Recently an administrative error caused several host to lose access to datastores hosting virtual machines. While in this particular scenario it was human error, switch, HBA, cabling or storage failures could also cause a host to lose access to storage.
Once the problem was corrected, and host once again had access to the storage and datastores VM’s were brought back online, however one VM would not start giving the error:
Failed to start the virtual machine (error-18)
The following errors also appeared in the logs
Vpxa: [3E879B70 info 'DiskLib' opID=29f52016-bc] DISKLIB-LINK : "/vmfs/volumes/531a13ef-0196038d-bcb7-44d3cabcb764/ehc-pod2-sql01/ehc-pod2-sql01-flat.vmdk" : failed to open (Failed to lock the file).

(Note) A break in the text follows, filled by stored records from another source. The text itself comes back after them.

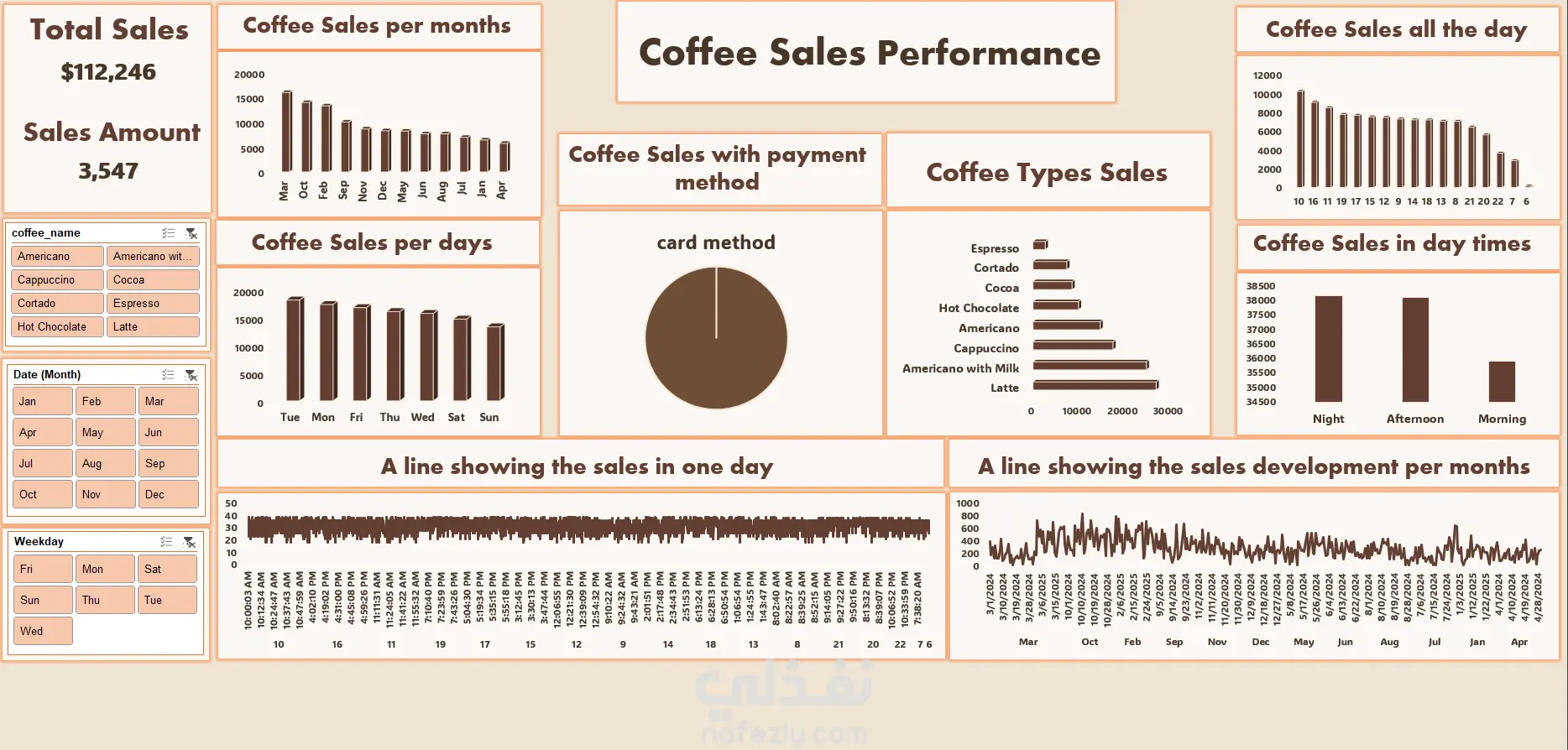 هذا مشروعي أهدف إلى تحليل بيانات مبيعات القهوة ، (نوع المشروب، طريقة الدفع، المبلغ، التاريخ، الوقت، الفترة، اليوم، والشهر). ركزت في التحليل على: 1- تحديد أكثر المشروبات مبيعًا بحيث يتم التركيز عليها في الجودة والخدمة . 2- معرفة أوقات اليوم وأيام الذروة في المبيعات بحيث يتم تجهيز العمليات بشكل افضل . 3- مقارنة المبيعات الشهرية وفترات اليوم. 4- دراسة طرق الدفع (كاش/كارت) ونسب استخدامها. 5- عرض إجمالي المبيعات اليومية والشهرية وعدد الأصناف المباعة 6- متابعة تطور المبيعات خلال اليوم الواحد وخلال الشهور وسيتم تقديم النتائج عبر Dashboard تفاعلي يحتوي على رسوم بيانية ولوحات توضح الرؤية بشكل مبسط واحترافي لمساعدة الإدارة في اتخاذ قرارات أفضل وزيادة المبيعات.
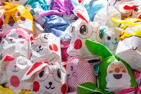 Multicolored bags, with animal motifs, in the style of Japanese anime. Fortune cookie
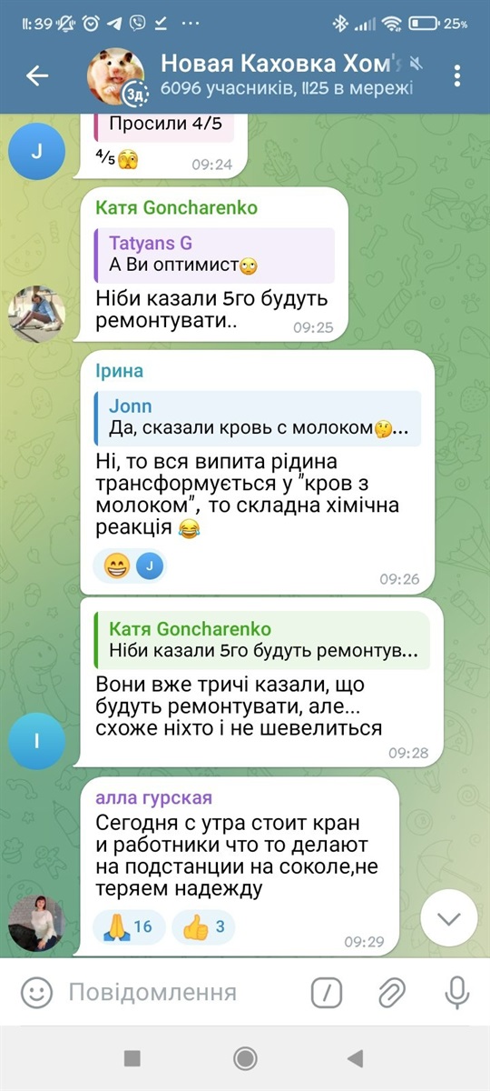 До чат-боту редакції Novakahovka.city звернулась мешканка з Білорусі, яка стурбована тим, що її друг лежить з температурою, оскільки він живе в районі Сокола, де немає світла.
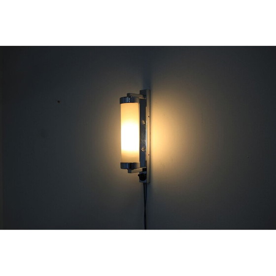 <span>Deze wandlamp is ontworpen in Tsjecho-Slowakije en is gemaakt van chroom en opaal glas. Hij is in originele staat en nog volledig functioneel.</span>
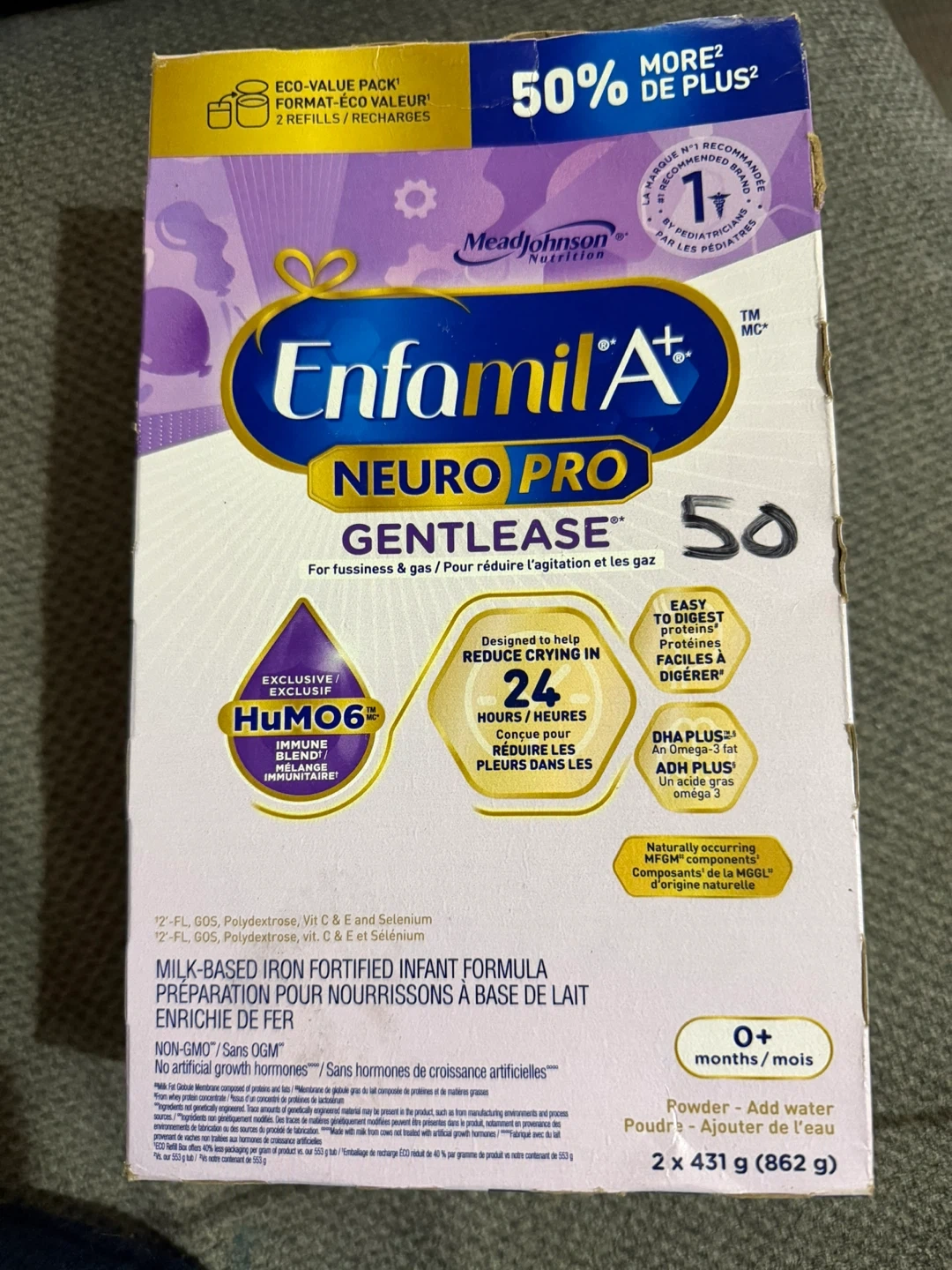This is Enfamil A+ Neuro Pro Gentlease infant formula. It's designed to help reduce fussiness and gas. Includes 2 cans, each 862g.

There are a couple KB’s that describe a potential problem, such as a missing descriptor file (http://kb.vmware.com/kb/1002511) which lead me to browse the datastore via SSH and see there was a .lck file. KB 1008728 got me a bit closer in helping me find which server thought it had a lock on the files by running, although it didn’t provide a direct solution:
vmkfstools -D pathtofile
For example vmkfstools -D /vmfs/volumes/531a13ef-01960
38d-bcb7-44d3cabcb764/ehc-pod2-sql01/ehc-pod2-sql01-flat.vmdk and seeing the following output:
/vmfs/volumes/531a13ef-0196038d-bcb7-44d3cabcb764/ehc-pod2-sql01 # vmkfstools -D /vmfs/volumes/531a13ef-01960 38d-bcb7-44d3cabcb764/ehc-pod2-sql01/ehc-pod2-sql01-flat.vmdk Lock [type 10c00001 offset 164800512 v 122, hb offset 3756032 gen 23, mode 1, owner 53a21390-e78f7f00-f805-44d3cabcb7b4 mtime 378512 num 0 gblnum 0 gblgen 0 gblbrk 0] Addr , gen 109, links 1, type reg, flags 0, uid 0, gid 0, mode 600 len 42949672960, nb 28851 tbz 0, cow 0, newSinceEpoch 28851, zla 3, bs 1048576
The “owner” of the file had a MAC address of 44-d3-ca-bc-by-b4. With this information I was able to SSH to that host, navigate back to the datastore folder for that VM and remove the .lck file by running:
# rm ehc-pod2-sql01.vmx.lck
However, attempts to restart the VM still failed, I additional had to remove the vmname.vmx~ and any .vswp files by using the rm command as I did to remove the .lck file. For example:
# rm ehc-pod2-sql01.vmx~
# rm ehc-pod2-sql01-a71fc080.vswp
With these files removed, I was now able to power on the VM.